Banned, you say? In early 2011, the country’s largest EDM event production company, Insomniac, issued a statement banning LED lights from their events permanently: “The image that it creates when groups of music fans are sitting or lying on the floor gazing at the designs reflects poorly and sends a false message of what the electronic dance music scene is about.” Emazing’s marketing manager tells me that this was in response to pressure put on Insomniac after a series of drug-related injuries and deaths at the company’s events; they had to budge somewhere if they wanted to look like they were proactively addressing these safety issues. Local fire marshals also raised concerns about the fire hazard created by having attendees sitting on the floor giving each other light shows. It can also be fucking annoying, or so say the glowstickers.

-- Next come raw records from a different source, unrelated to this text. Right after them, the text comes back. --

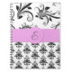 Damask Pattern, Black and White Damask, Monogram Notebook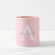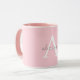 Monograma branco personalizado em fundo cor-de-rosa, adicione seu monograma e seu nome para obter uma caneca elegante. um dom monograma perfeito, personalize-o agora; clique no botão personalizar para adicionar seu nome e inicial em ambos os lados da caneca.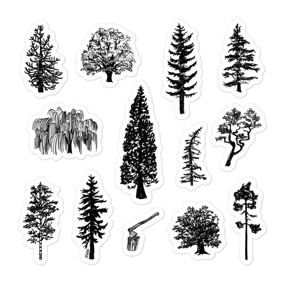 A 5.5" x 5.5" sticker sheet with some happy little trees. These sketches capture the essence of some of our favourite tree species from the Pacific Northwest–from the grand sequoia to the unique arbutus to the ever popular cedar, even including the fire wood!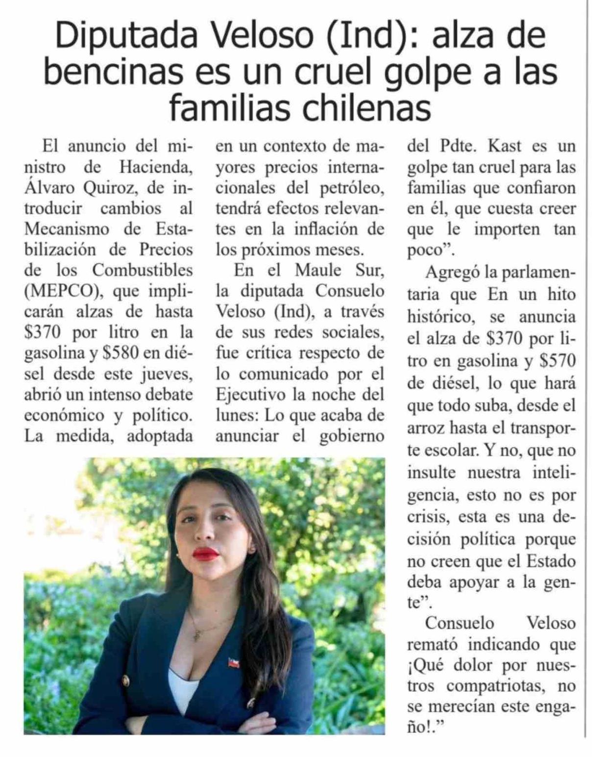 | Título: | Diputada Veloso (Ind): alza de bencinas es un cruel golpe a las familias chilenas |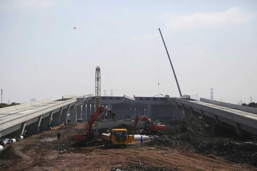在S7沪崇高速二期四标的高速路桥下匝道与地面道路宝钱公路交接处施工点位,工人正在对地面道路进行土地平整。全长6.1公里的S7沪崇高速二期项目,是嘉定规划“三横四纵”对外高速干线网络中的“一纵”,这也将是嘉定在“十四五”期间率先完成的一项重大工程项目。建成后的S7南连S20外环高速,北至徐行,将成为嘉定又一条对外重要通道。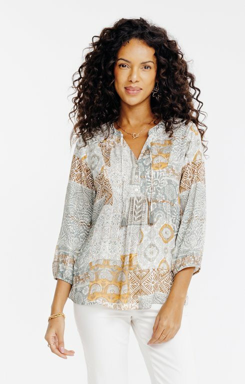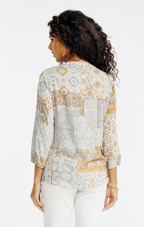 Peut-on porter ce chemisier en toutes saisons ? Sa matière légère le rend idéal pour le printemps et l’été, mais il peut aussi se porter sous une veste en automne.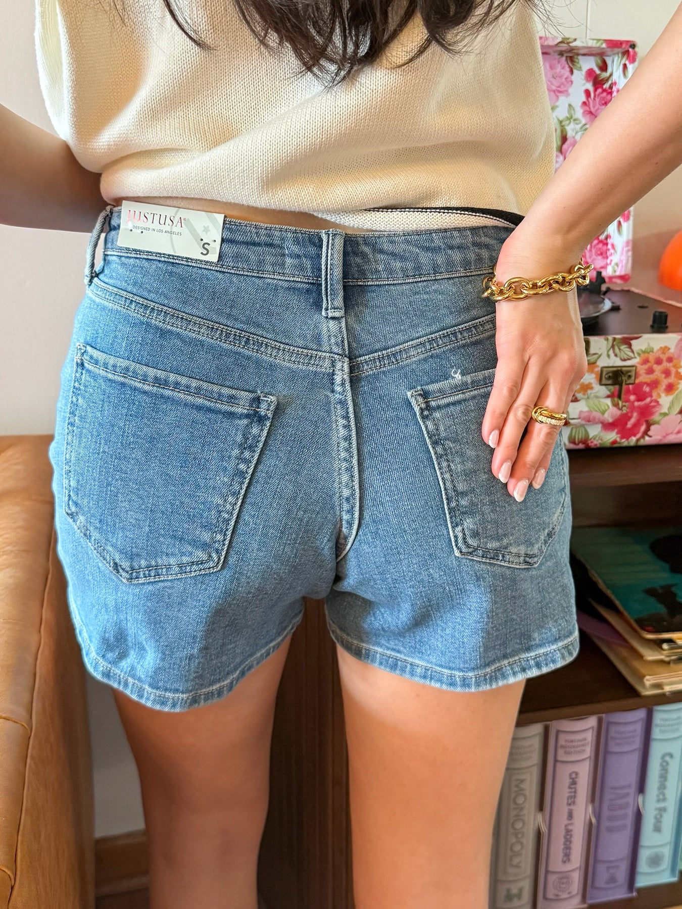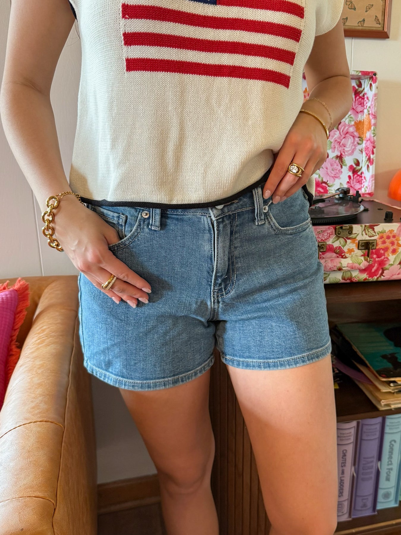 These classic medium wash denim shorts are the perfect everyday essential. Featuring a comfortable mid-rise fit and moderate stretch for easy movement, they offer a flattering silhouette without any distressing, keeping the look clean and versatile. Pair them with tees, tanks, or cropped tops for effortless warm-weather style.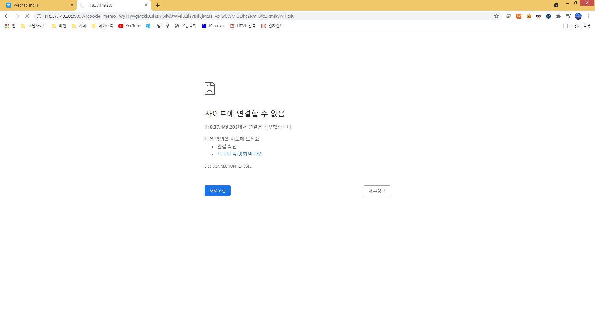 결론은 이렇게 보내면 내 개인서버로 쿠키가 딸려들어와서 플래그를 얻을 수 있다. 그리고 url+document.cookie할때 +를 2번 url인코딩 해준 이유는 그냥 url에 +를 넣으면 공백으로 인식된다. 그렇다고 %2b를 넣어도 공백으로 인식되는것이다. 따라서 한번더 인코딩해서 %252b를 넣었더니 +로 잘 인식된다.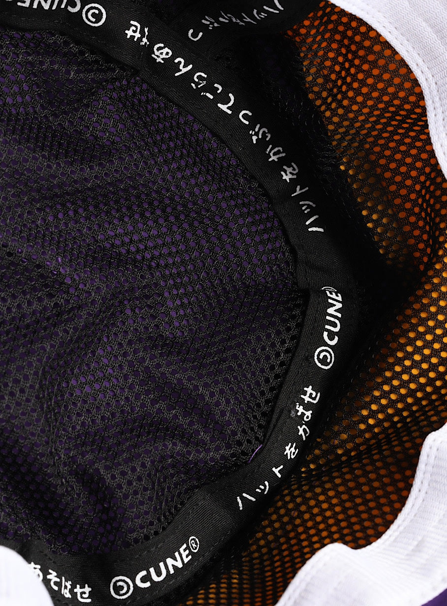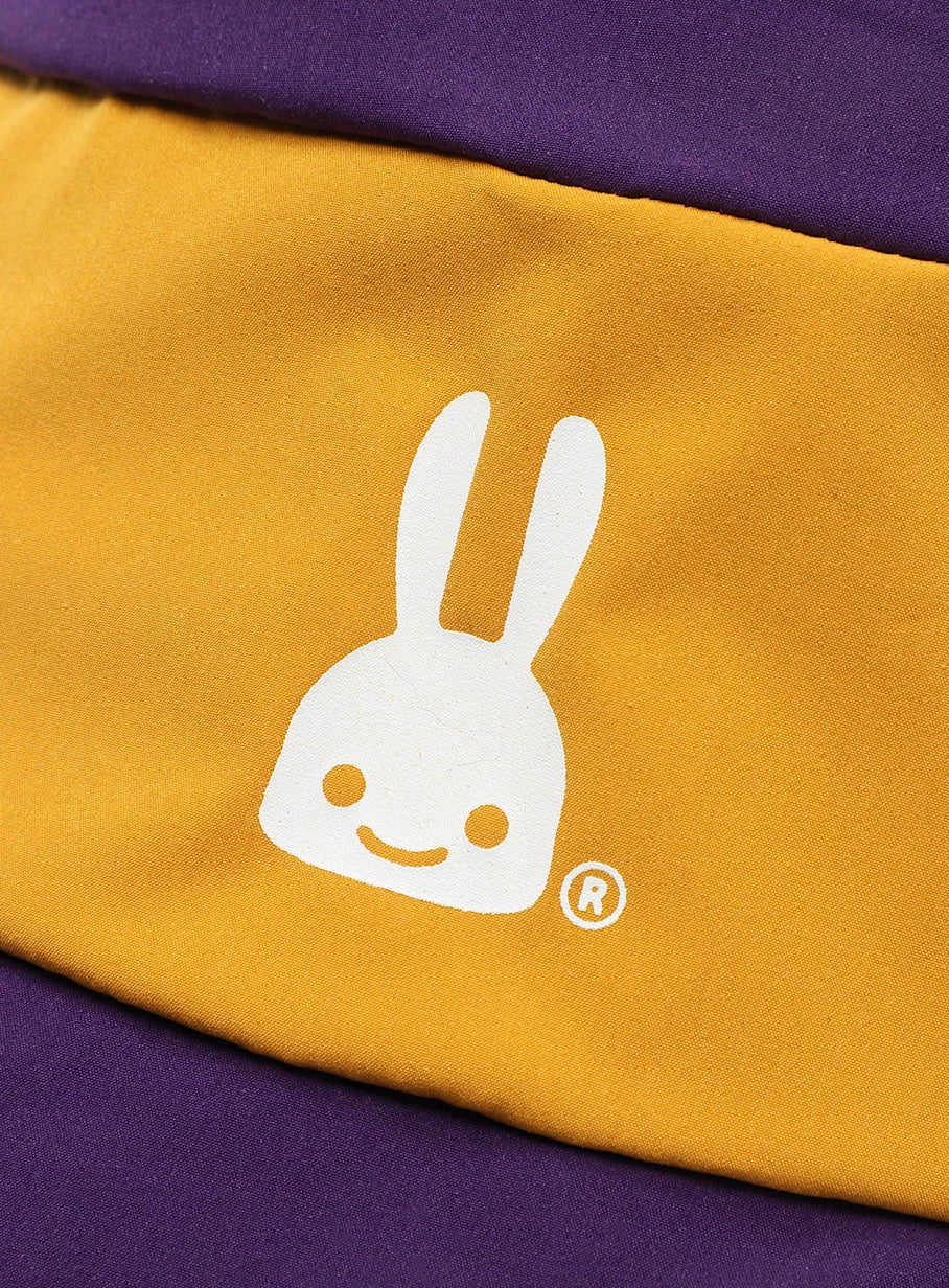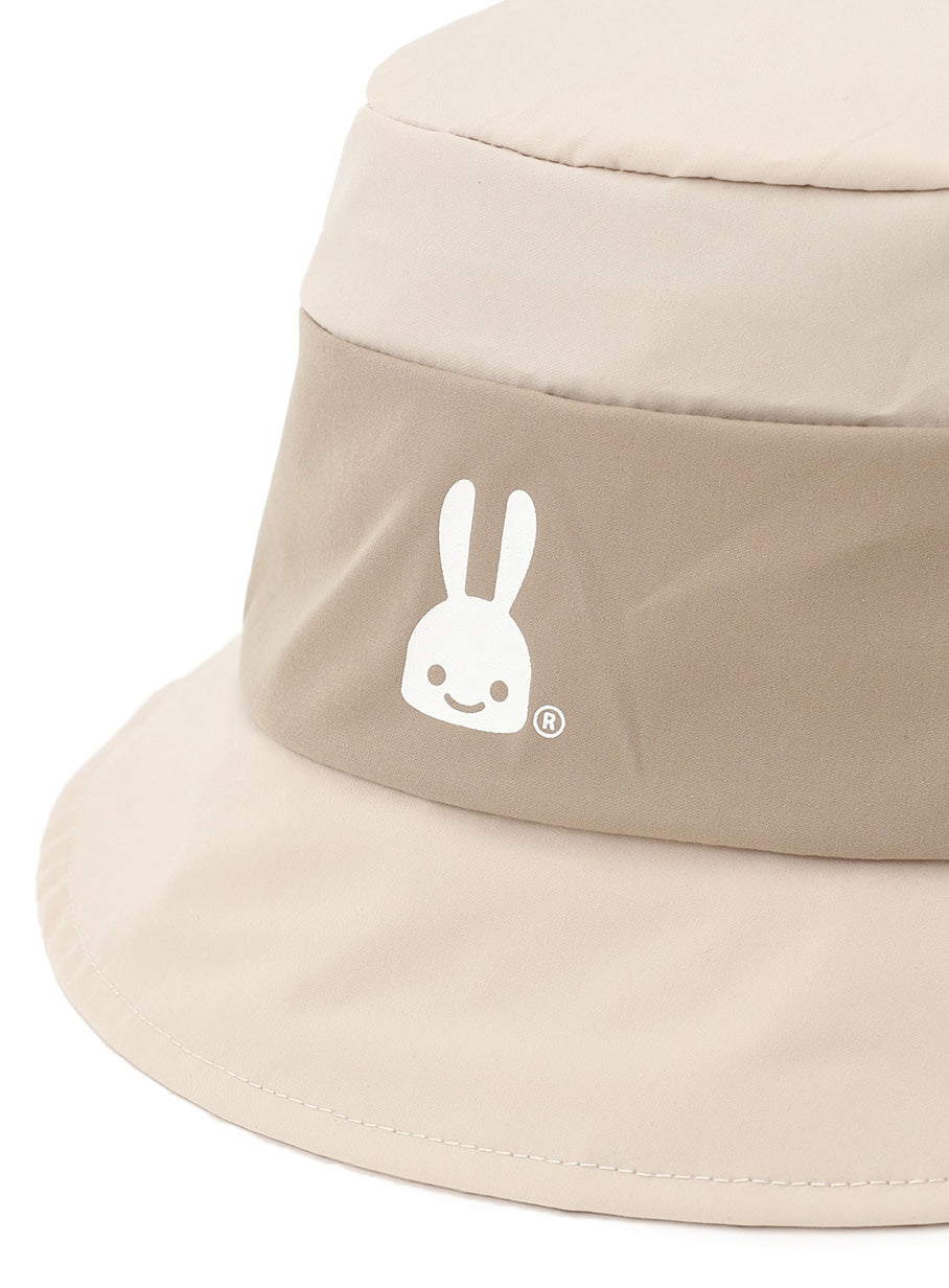 タフタ素材を使用した切替バケットハット。後頭部にはダーツが入っており、ストレッチコードとオリジナルストッパーが付いています。裏面のテープには「ハットをかぶってごらんあそばせ」とプリントされています。

“I would still love to go and just dance without all the lightshows and etards [sic] all over the floor. It would be nice to have some legroom,” says one senior member of glowsticking.com, in a forum discussion of Insomniac’s anti-LED policy. When the verdict first came down, the glowstickers, a separate camp of light art aficionados, were freaking out that the policy would put glowsticks on the black list as well. “Fucking glovers ruined everything,” said Ange, a platinum member from Concord, CA, in a 2011 thread. In fact the glover community has its share of haters: “I see more and more gloves out here on the east coast,” says a third forum member. “its like it some sort of mating ritual. girl sits down on side of party, 3 guys with gloves come over, the best is chosen, I can’t wait for it to be on the jersey shore or something [all sic].”

But despite the ban, the hardcore glovers press on. “It absolutely made things more difficult for us,” Gummy admits. “But at the same time, it brought us closer as a community.” At least in the gloving mecca of Southern Califorina, Facebook groups like the Glovers’ Lounge organize weekend meet-ups, while businesses like EmazingLights host weekly and monthly sessions to supplement the larger, annual championships. Gummy regularly receives messages of support from admirers in Japan, Germany, Canada, and Australia, and his growing YouTube fanbase is doing just that. “Gloving came from the rave scene so it will always be an aspect of it,” says the gloving OG when asked about the art form’s future. “But like many things that are new… it was misunderstood, and I think we are quickly growing out of that.”